The paper fan shape. I’m only just discovering it—laggard as usual—and there are some beautiful possibilities. Have our historians, has David Lister or Joan Sallas, written yet a history of the Fan? Surely it goes back a long, long ways; it must be one of origami’s most primitive forms.
For me there’s a joyful simplicity and symmetry to the Fan that stands for some of origami’s fundamental, natural qualities. The strong lines that soften as they widen, the hard folds turning into curves, leading finally at the extremity to the cut-edge, normally fragile and still reminiscent of fragility but now held taut, at attention. Rapt.
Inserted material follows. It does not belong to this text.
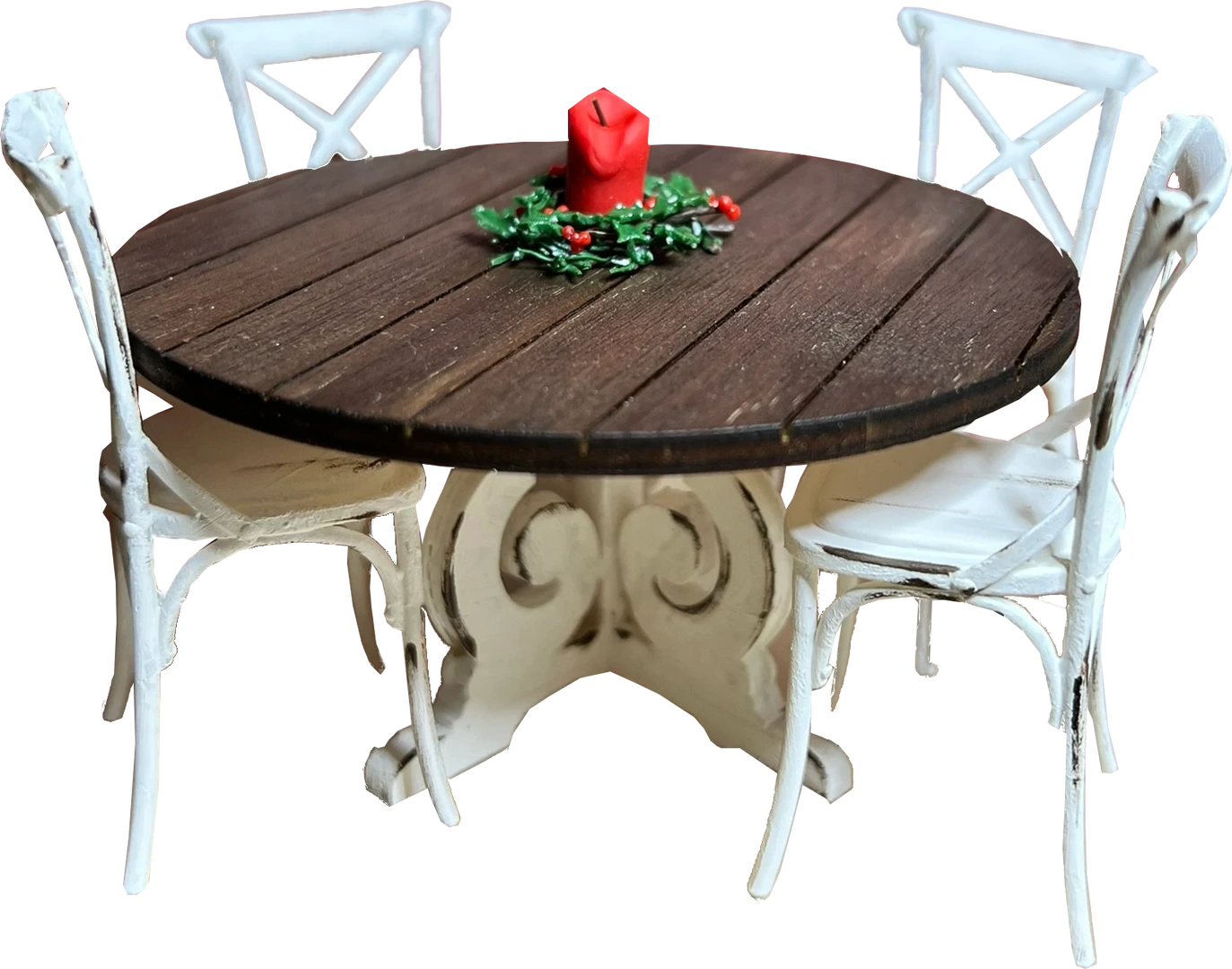 Dining set with two miniature bench seats or sofas and a miniature table with a central pedestal base. This furniture has been designed for dollhouses or other miniature displays

The joy here is something of a child’s joy—the sunburst form—but also that of adult, robust sexuality. Birds with their fan tails were there first and have claimed the field. Women—geishas, courtiers and coquettes, hiding glances behind the fan, or adding a bird-like ornament behind a head’s careful coiffure—were quickly catching up from the rear, while the fashion lasted. That a fan can be angrily snapped shut, the show closed in an instant and you left gaping & wondering--well that’s part of the deal. Timing is everything. Act now on the allure—or live forever in regret.
Since it suggests paperiness and primal joy, as usual I’m thinking how the Fan can be combined and contrasted with techniques and materials that have an opposite quality (those that suggest stoniness, mass). Let’s wait a little though on results.